The land where Kensington now sits was first colonized by Dutch farmers during the seventeenth century within the town of Flatbush. It was re-settled by British colonists in 1737. First developed in 1885 after the completion of Ocean Parkway, the neighborhood was named after the place and borough in West London, at the turn of the century.

The small area between 18th and Foster Avenues, in the southern portion of the neighborhood, contains a distinctive, slightly diagonal street grid and is also known as Parkville. The area, originally part of the town of Flatbush, was originally known as Greenville and its land was first acquired in 1852 by the Freeman's Association, shortly after the completion of Coney Island Avenue on the eastern boundary of Kensington and Parkville. Public School 92 (later P.S. 134) and the Roman Catholic Church of St. Rose of Lima were built to service the subsection in 1870. A librarian at the Brooklyn Public Library wrote that "Parkville is one of those wonky neighborhoods that isn't often referenced" because of its small size.

Despite political tensions, the town of Flatbush was annexed by the city of Brooklyn in 1894, presaging the consolidation of the five boroughs of New York City on January 1, 1898. Accordingly, further spates of development occurred in the late 19th and early 20th centuries, much of which was initially concentrated in the village of Windsor Terrace (which had more southerly borders than the contemporary neighborhood, being bounded by Church Avenue on the south, Gravesend [McDonald] Avenue on the west, the historical Brooklyn–Flatbush town line near Terrace Place on the north, and Prospect Park Southwest and Coney Island Avenue on the east). These efforts also encompassed Brooklyn Real Estate Exchange President Jeremiah Johnson, Jr.'s circa 1891 Kensington Heights and circa 1894 Kensington-in-Flatbush developments, the former in the vicinity of Ditmas Avenue and the latter possibly in the vicinity of Church Avenue; detached suburban villas on and adjoining Ocean Parkway that attracted wealthier residents from more urbanized areas, including Brooklyn Heights, Bedford-Stuyvesant and Bushwick; hybrid commercial/walk-up apartment structures on commercial thoroughfares; and a variety of limestone- and brick-fronted townhouse rows.

=== Early and mid-20th century ===
As the area was gradually rezoned amid the construction of the IND Brooklyn Line, six-story elevator apartment houses became increasingly prevalent on upper Ocean Parkway and in its periphery between the late 1920s and 1941, replacing many of the suburban villas. Following World War II, the development of the Prospect Expressway ensured that luxury buildings (by now often exceeding six stories due to building code revisions and further zoning changes, as exemplified by the Marlene J. [later known as the Caton Towers] and the Americana Towers) continued to be developed on Ocean Parkway and in its immediate vicinity until the mid-1960s. Since the 1990s, there has been a notable resurgence in various forms of residential development, including new apartment houses on Ocean Parkway and smaller structures on side streets.

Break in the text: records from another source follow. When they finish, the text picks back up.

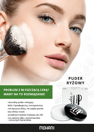Puder ryżowy marki Mohani zawiera wiele cennych składników. Olej z nasion krokosza barwierskiego, sprawia że cera staje się wygładzona i odpowiednio nawilżona. Puder wzbogacony jest o witaminę A, która opóźnia procesy starzenia i regeneruje naskórek. Natomiast witamina E odżywia i sprawia, że skóra jest idealnie sprężysta i elastyczna. W pudrze nie znajdziecie konserwantów. Kosmetyk ten został stworzony na bazie certyfikowanej mączki ryżowej. Dzięki niej puder pochłania sebum i wykazuje działanie matujące. Jest on idealnym zamiennikiem talku, dzięki temu nie pozostawia białych śladów na skórze i jej nie wysusza. Puder nie zawiera barwników i kompozycji zapachowych. Brzmi fajnie? Przeczytajcie więcej!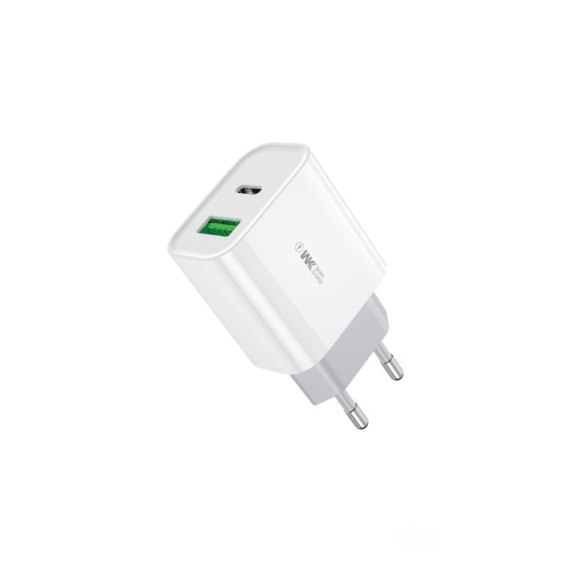 Szybka i niezawodna ładowarka sieciowa WEKOME WP-U53 Maxspeed wyposażona w port USB-C oraz USB-A o maksymalnej mocy wyjściowej 20W Power Delivery.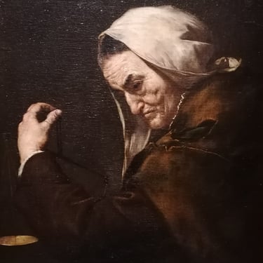 Ribera s’installe à Naples en 1616 et y demeure jusqu’à sa mort en 1652. Succédant au Caravage, disparu six ans plus tôt, il s’impose comme le nouveau maître du naturalisme en clair-obscur. Dans la vice-royauté espagnole, son style évolue, désormais il combine le ténébrisme de sa période napolitaine avec le colorisme vénitien. Sa renommée grandissante lui vaut de nombreuses commandes, et il devient peintre de cour. Toutefois, Ribera continue à défier les conventions en représentant la pauvreté avec une profondeur psychologique inédite. En témoignent ses séries de philosophes et de mendiants, réalisées pour le duc d’Alcalá dans les années 1630. Les haillons contrastent avec la noblesse intellectuelle des figures, tout comme la beauté intérieure de ses sujets s’oppose à leur apparence physique. Ribera magnifie ainsi le quotidien et met en lumière la misère, notamment à travers des œuvres comme Le Pied-Bot qu’il réalise en 1642.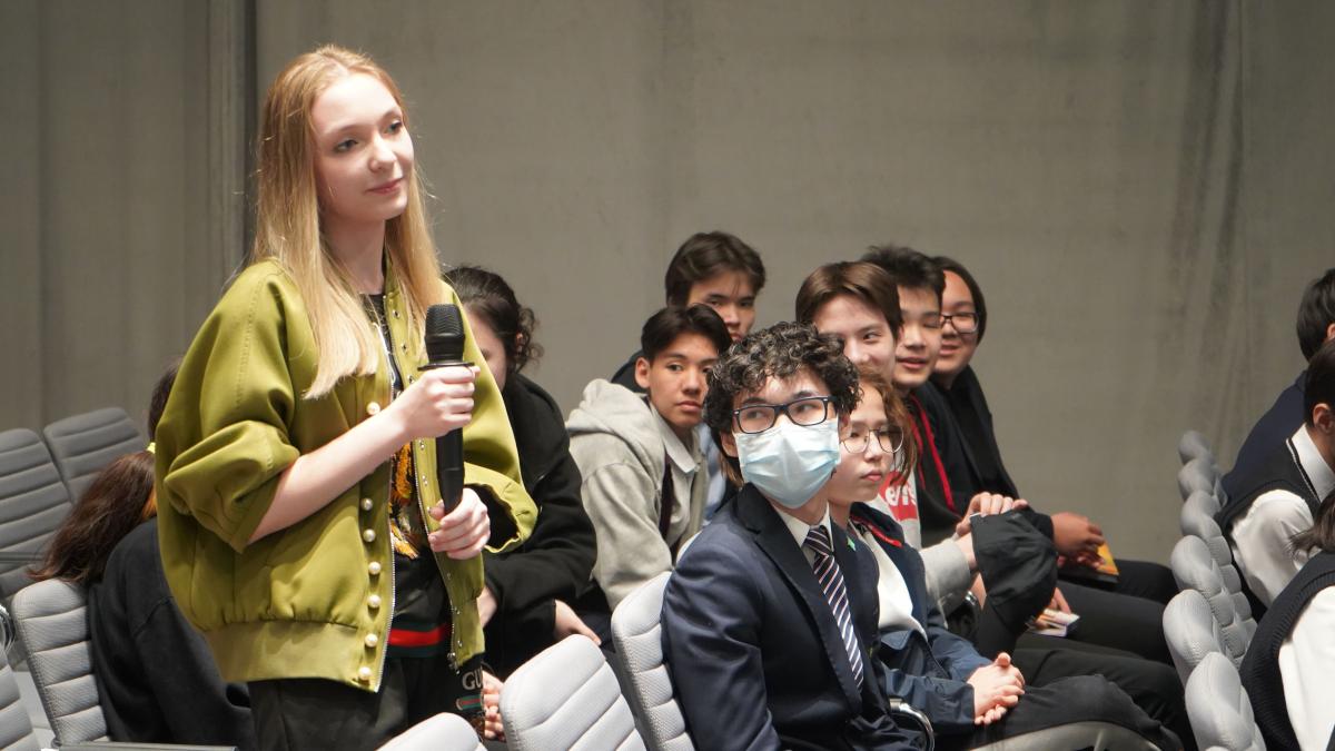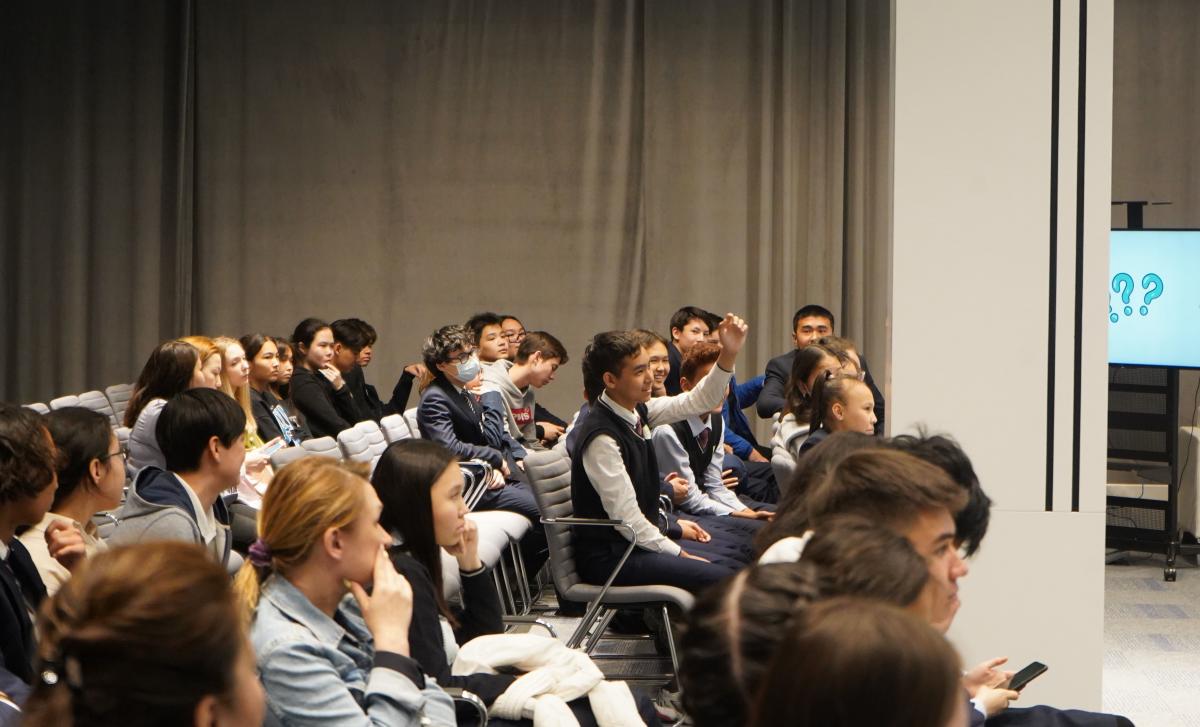 Мероприятие с участием школьников 8-11 классов началось с показа специального выпуска Агентства Хабар о конкурсе школьников: «Продолжение большого пути».

Throughout much of the 20th century, Kensington was seldom distinguished as a distinct neighborhood, with many residents and demographers identifying the area as the western section of Flatbush. The descriptor West Flatbush was also used by various religious & civic organizations and urban planners in the first half of the 20th century before largely falling into disuse after 1954. While the Kensington moniker continued to be employed by branches of certain governmental institutions (including the Post Office Department and the Brooklyn Public Library), it was also used by demographers to differentiate the largely working class, ethnically heterogeneous tracts west of Ocean Parkway from the historically affluent, Old Stock and Jewish American-dominated tracts east of Coney Island Avenue. A 1945 fifteen-year retrospective study of Brooklyn Protestantism by the Committee for Cooperative Field Research included the Kensington tracts between the historical villages of Windsor Terrace and Parkville (alternatively characterized as the "Ocean Parkway corridor") within the boundaries of Flatbush, also noting that a contemporaneous survey of 3,072 families indicated that 41% of residents identified as Roman Catholic (exemplified by a recent influx of second and third-generation Italian Americans from South Brooklyn and other northern neighborhoods), 33% as Jewish (primarily concentrated in apartment houses on "main traffic ways") and 26% as Protestant, with the latter population remaining concentrated in "private dwellings on the side streets" amid an ongoing decline. In his 2015 memoir, musician Marky Ramone (who resided at 640 Ditmas Avenue throughout much of his childhood in the 1960s) noted the area's distance from major thoroughfares in eastern Flatbush, necessitating a two-fare public transit zone via bus to Erasmus Hall High School.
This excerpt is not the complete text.